::: RECORD EXCERPTS

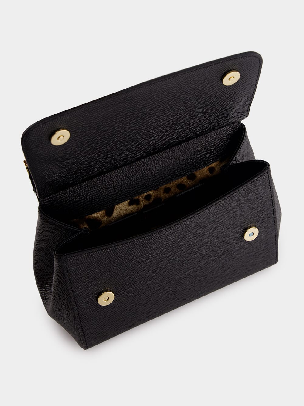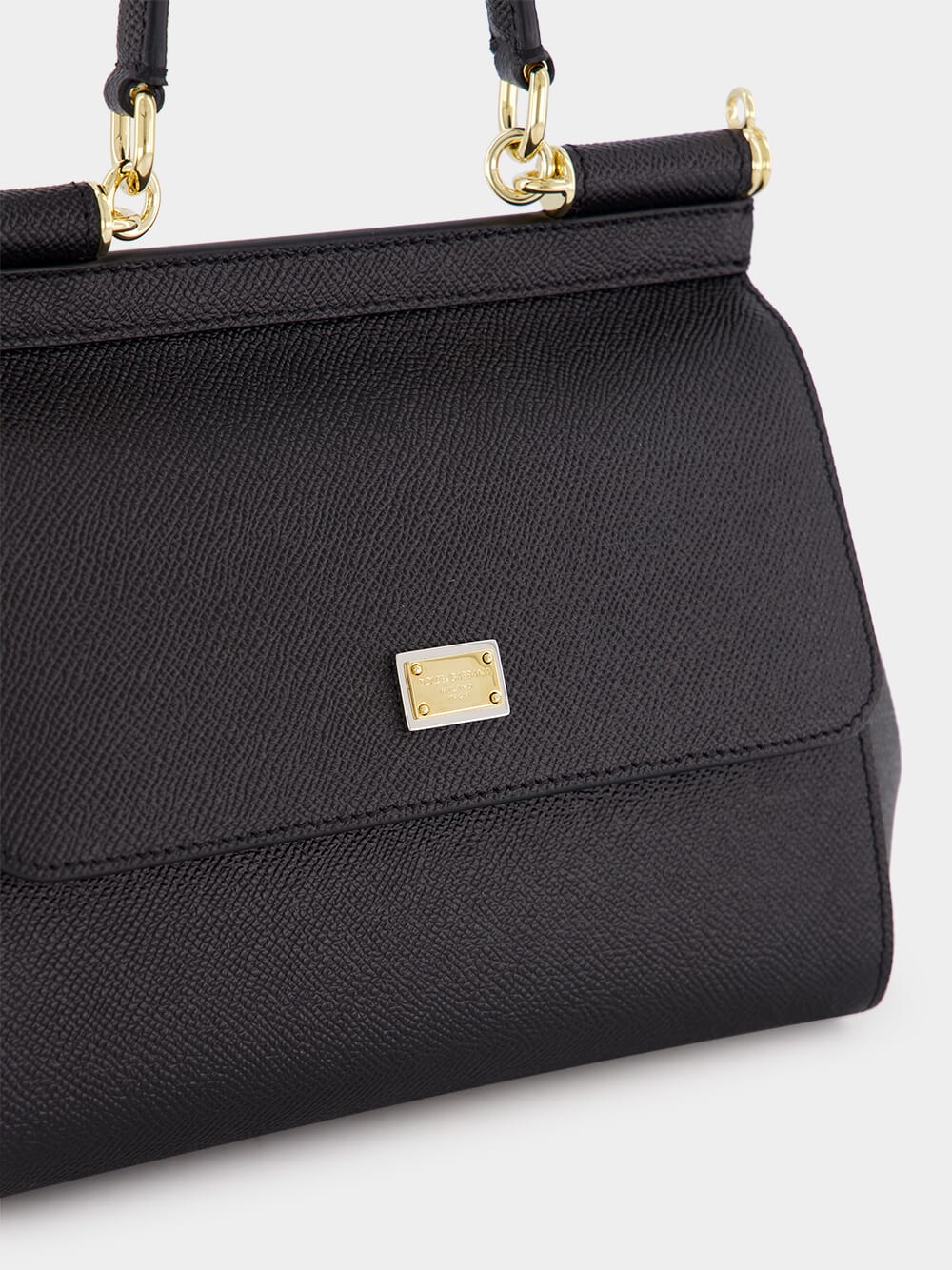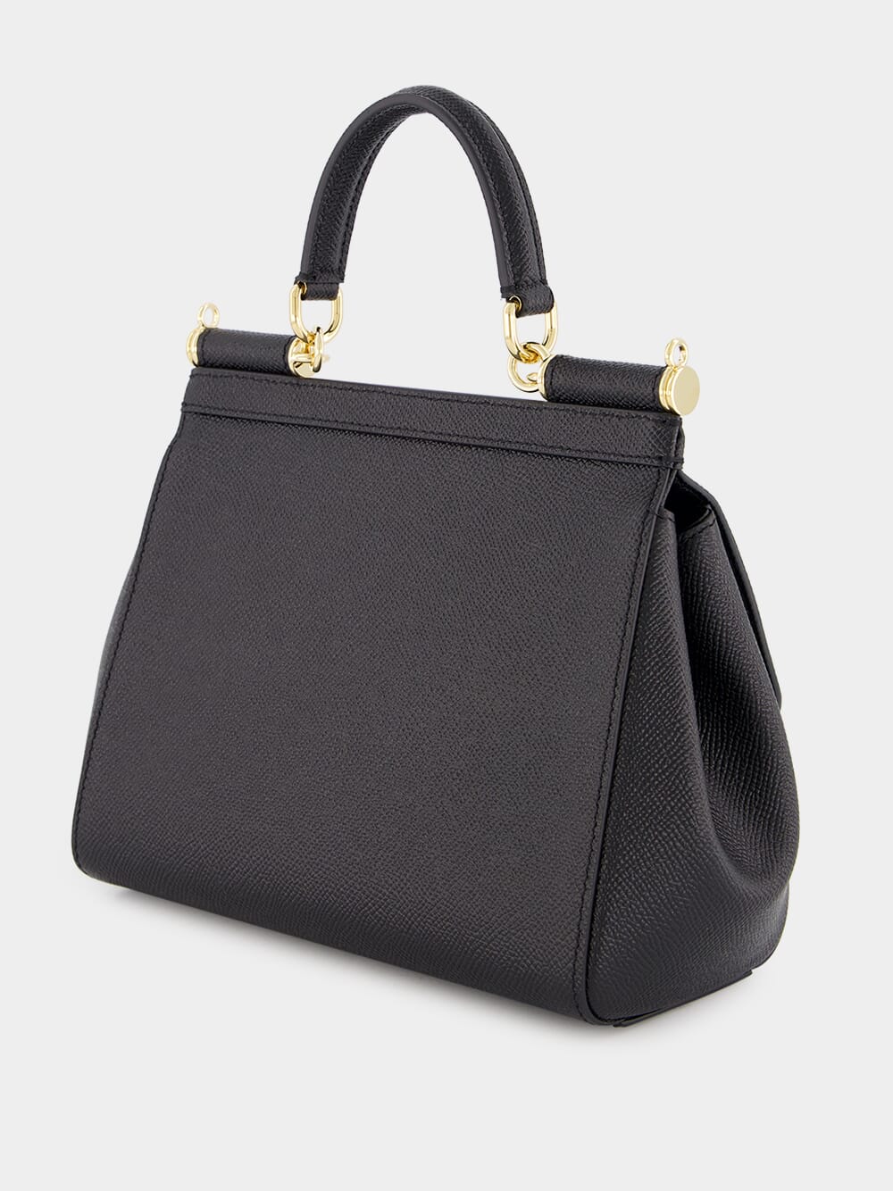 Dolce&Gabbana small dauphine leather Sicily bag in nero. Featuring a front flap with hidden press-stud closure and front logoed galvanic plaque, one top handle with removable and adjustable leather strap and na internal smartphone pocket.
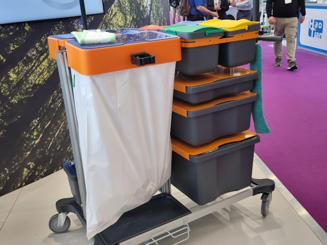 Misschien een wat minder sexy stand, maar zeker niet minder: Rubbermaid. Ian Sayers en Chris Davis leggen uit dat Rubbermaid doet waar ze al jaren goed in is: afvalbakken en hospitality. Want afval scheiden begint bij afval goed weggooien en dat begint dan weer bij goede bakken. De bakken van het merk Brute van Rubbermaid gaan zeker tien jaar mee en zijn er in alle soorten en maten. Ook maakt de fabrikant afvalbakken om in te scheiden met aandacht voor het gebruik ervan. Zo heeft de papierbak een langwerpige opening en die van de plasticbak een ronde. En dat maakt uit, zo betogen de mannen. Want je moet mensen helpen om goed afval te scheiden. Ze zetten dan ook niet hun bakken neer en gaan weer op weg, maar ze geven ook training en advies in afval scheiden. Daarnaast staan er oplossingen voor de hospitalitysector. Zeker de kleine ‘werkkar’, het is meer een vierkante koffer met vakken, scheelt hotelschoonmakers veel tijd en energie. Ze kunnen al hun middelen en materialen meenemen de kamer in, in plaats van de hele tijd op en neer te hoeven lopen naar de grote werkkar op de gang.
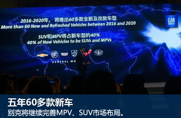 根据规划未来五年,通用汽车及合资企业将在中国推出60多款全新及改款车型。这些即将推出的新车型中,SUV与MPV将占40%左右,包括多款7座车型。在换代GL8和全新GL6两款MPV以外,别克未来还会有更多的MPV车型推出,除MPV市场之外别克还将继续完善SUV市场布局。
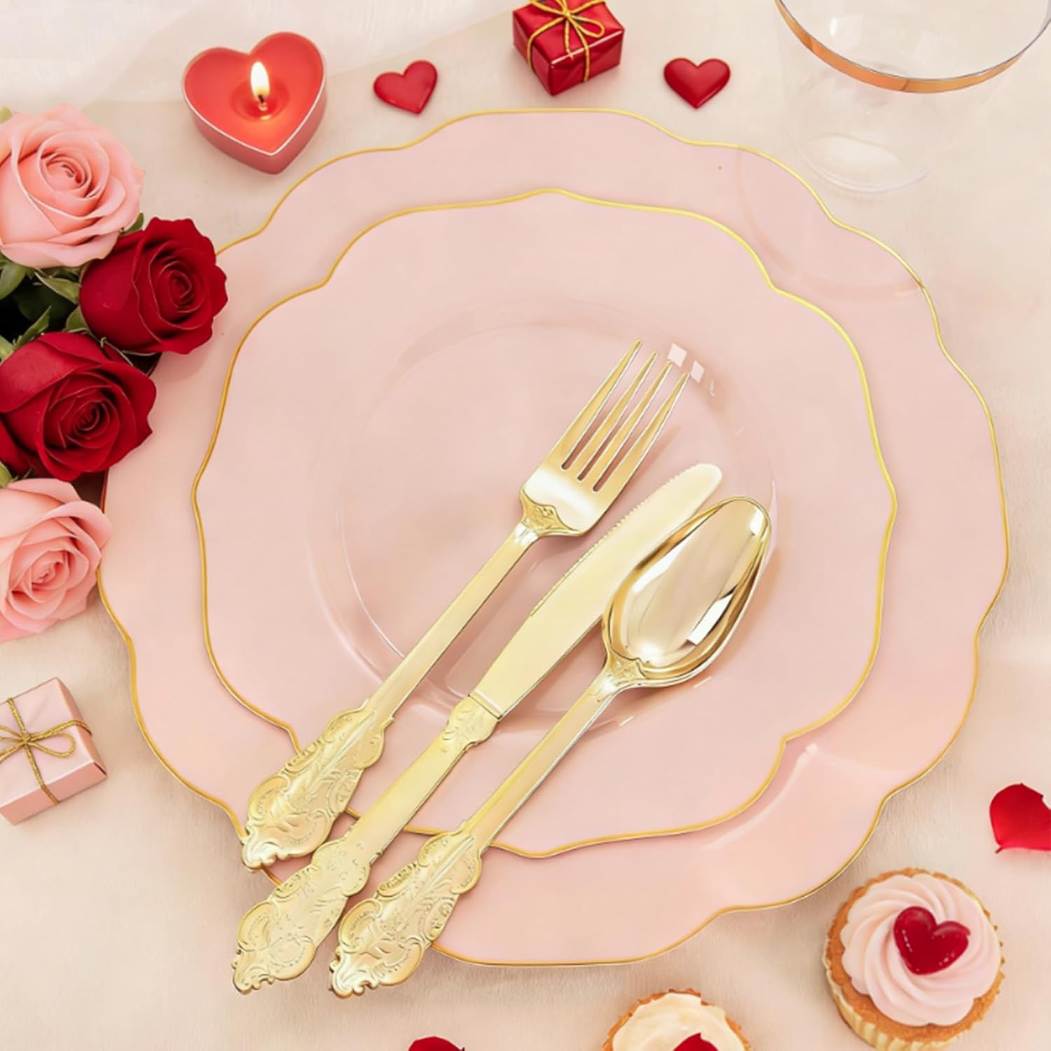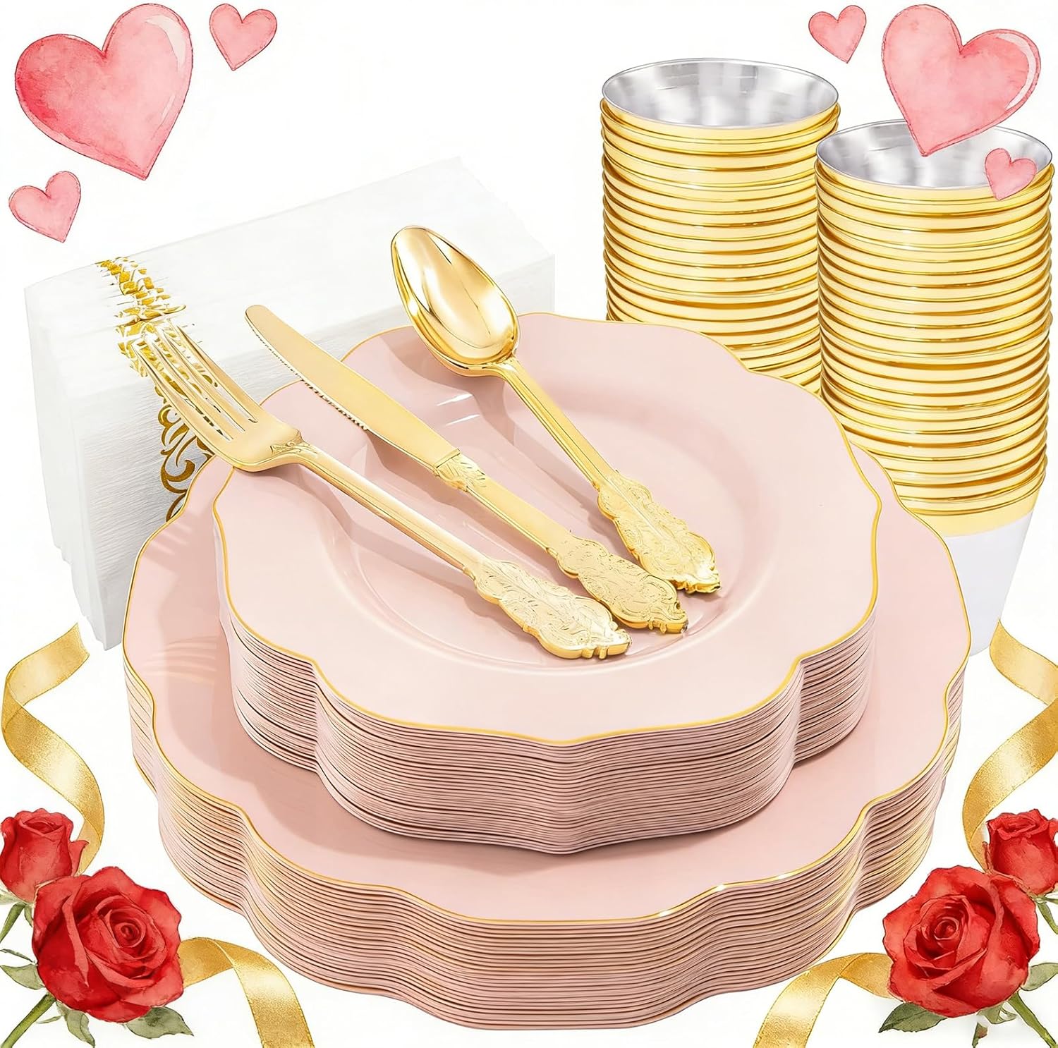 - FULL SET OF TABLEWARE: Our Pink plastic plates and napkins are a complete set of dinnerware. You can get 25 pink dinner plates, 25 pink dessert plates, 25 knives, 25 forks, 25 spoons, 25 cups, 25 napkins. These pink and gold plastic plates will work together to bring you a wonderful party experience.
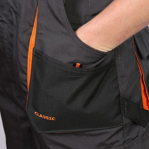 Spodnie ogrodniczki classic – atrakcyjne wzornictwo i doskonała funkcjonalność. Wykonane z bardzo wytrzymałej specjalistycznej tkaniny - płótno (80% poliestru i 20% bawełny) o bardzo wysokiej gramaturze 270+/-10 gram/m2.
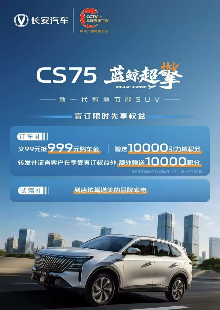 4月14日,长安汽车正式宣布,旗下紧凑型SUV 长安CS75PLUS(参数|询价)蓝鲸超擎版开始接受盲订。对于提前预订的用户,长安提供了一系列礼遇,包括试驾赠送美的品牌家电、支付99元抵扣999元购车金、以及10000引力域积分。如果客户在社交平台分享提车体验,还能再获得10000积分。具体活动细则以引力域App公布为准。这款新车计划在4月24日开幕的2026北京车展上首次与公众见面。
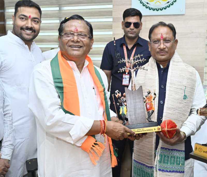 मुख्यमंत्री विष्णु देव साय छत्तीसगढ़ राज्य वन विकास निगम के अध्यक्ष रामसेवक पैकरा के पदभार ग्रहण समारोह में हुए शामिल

::::::

In the data above, find the line with "Spodnie ogrodniczki classic" and repeat it and every line after it through the end, exactly; leave the pictures out.

 Spodnie ogrodniczki classic – atrakcyjne wzornictwo i doskonała funkcjonalność. Wykonane z bardzo wytrzymałej specjalistycznej tkaniny - płótno (80% poliestru i 20% bawełny) o bardzo wysokiej gramaturze 270+/-10 gram/m2.
 4月14日,长安汽车正式宣布,旗下紧凑型SUV 长安CS75PLUS(参数|询价)蓝鲸超擎版开始接受盲订。对于提前预订的用户,长安提供了一系列礼遇,包括试驾赠送美的品牌家电、支付99元抵扣999元购车金、以及10000引力域积分。如果客户在社交平台分享提车体验,还能再获得10000积分。具体活动细则以引力域App公布为准。这款新车计划在4月24日开幕的2026北京车展上首次与公众见面。
 मुख्यमंत्री विष्णु देव साय छत्तीसगढ़ राज्य वन विकास निगम के अध्यक्ष रामसेवक पैकरा के पदभार ग्रहण समारोह में हुए शामिल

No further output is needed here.